A few years ago, I wrote a blog post detailing why I thought toggles were a bad idea. It made a clever analogy between toggles and the tribbles on Star Trek’s U.S.S. Enterprise. I think it’s a fun read, so you may want to check it out; but since the time I wrote it, my opinion has changed a bit. In this post I will explain why I think toggles may be helpful, and I’ll propose some rules for their use.

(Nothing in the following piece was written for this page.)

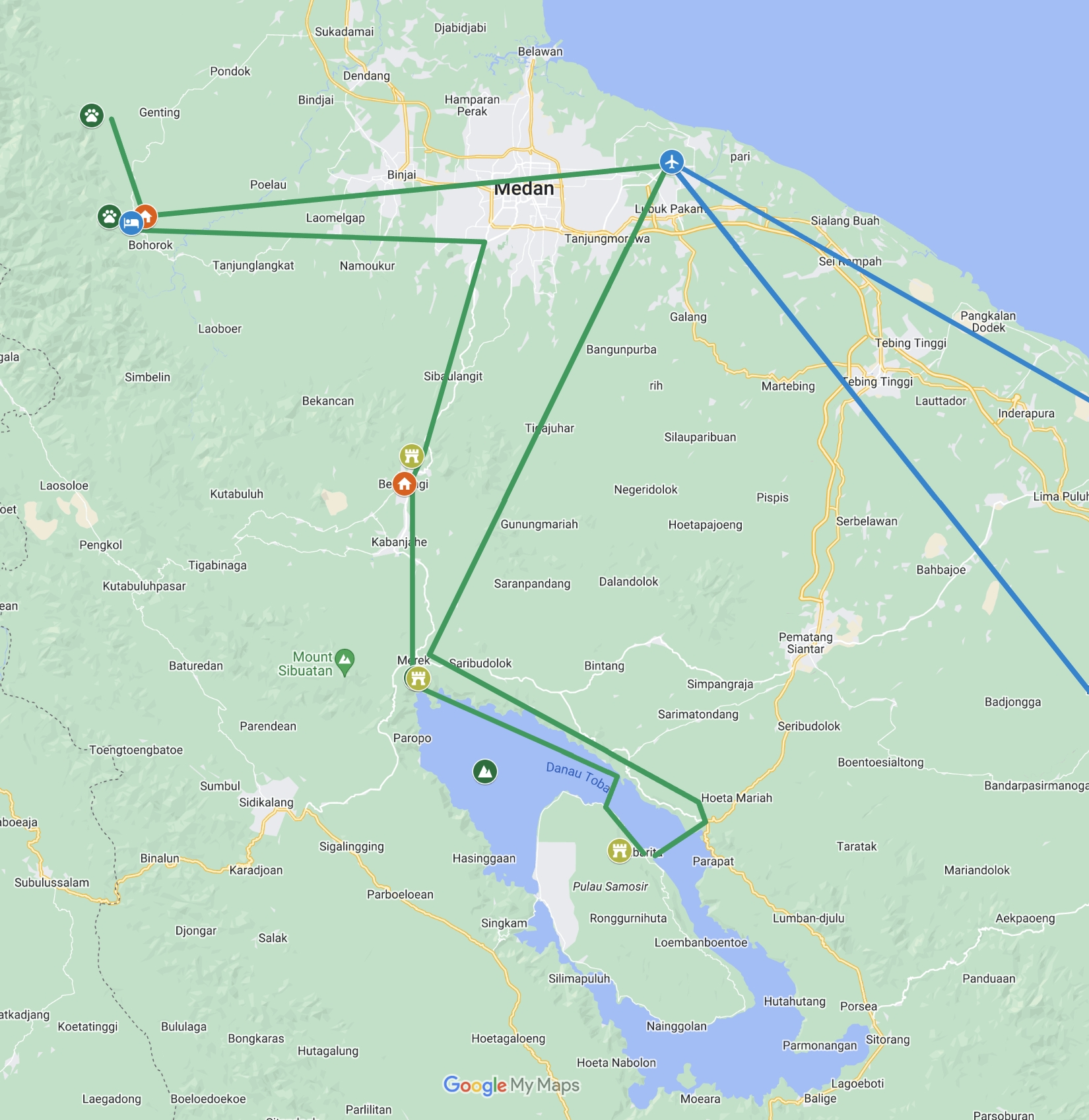 En soirée, on passe un peu de temps dans le terminal international pour grignoter rapidement dans un des nombreux restaurants J02 - Sumatra - Bukit Lawang Arrivés à Medan, un chauffeur affrété par notre "agence" nous attend, et c'est parti pour près de 4h de petites routes direction l'Ouest pour rejoindre les abords du parc naturel de Gn. Leuser. Le village de Bukit Lawang est en bordure de la jungle, de l'autre coté de la rivière. Le Lodge dispose aussi d'une zone de repos avec un bâtiment à la forme très spéciale, qui reprend l'architecture des bâtiments traditionnels de la tribu Batak Il fait trèèèèès humide, le bruit des nombreux insectes est omniprésent, et on entend régulièrement des hurlements de singes... En soirée, on rencontre l'organisateur avec lequel on a peaufiné ce trip, ainsi que le guide qui nous accompagnera pendant notre périple. J03 - Sumatra - Route vers Tangkahan On aperçoit une usine de traitement le long de la piste Arrivée dans le village de Tangkahan après 2h de route, pour 15Km à vol d'oiseau Nous prenons un petit encas dans une sorte de restaurant qui surplombe la rivière,

About a year ago, my team was working on a new notification service that would send out emails and messages more efficiently than the current service. When the new service was ready, we migrated one notification type to the new service to see how it would work. We tested the notification extensively and we were sure that we had accounted for all scenarios, so we took the new service to Production.
A couple of weeks later, we discovered that there was an odd case that we hadn’t tested. If two users in the same company had the same id, the wrong user was getting the notification. We had no idea that it was possible for two users in the same company to have the same id, so we hadn’t thought to test this.
Fortunately, our new service was behind a toggle. Since we certainly didn’t want the wrong people to get notifications, we quickly toggled off the new service. There was no impact to any other customers, because they were still getting their notifications; they were just being notified through the old service. We were able to quickly fix the bug, get the fix into Production, and toggle the service back on.
If we hadn’t had the toggle, the users with the same id would have continued to get the wrong notifications until we were able to fix the bug. We would have had to rush to get a code patch into Production, and it’s possible that we would have made mistakes along the way. Because we had the toggle, we could take the time to make sure that the fix was good, and we could do all the regression testing we wanted.
So, I’ve changed my mind about toggles. I think they can be useful in situations where there’s a significant risk that accompanies a change. But if you are going to use toggles, please observe the following rules:
1. Toggles are NOT a substitute for high-quality testing. Being able to toggle something off at the first sign of trouble does not mean that you can skip testing your new feature thoroughly. Ideally you should have tested so well that you never need to turn your toggle off.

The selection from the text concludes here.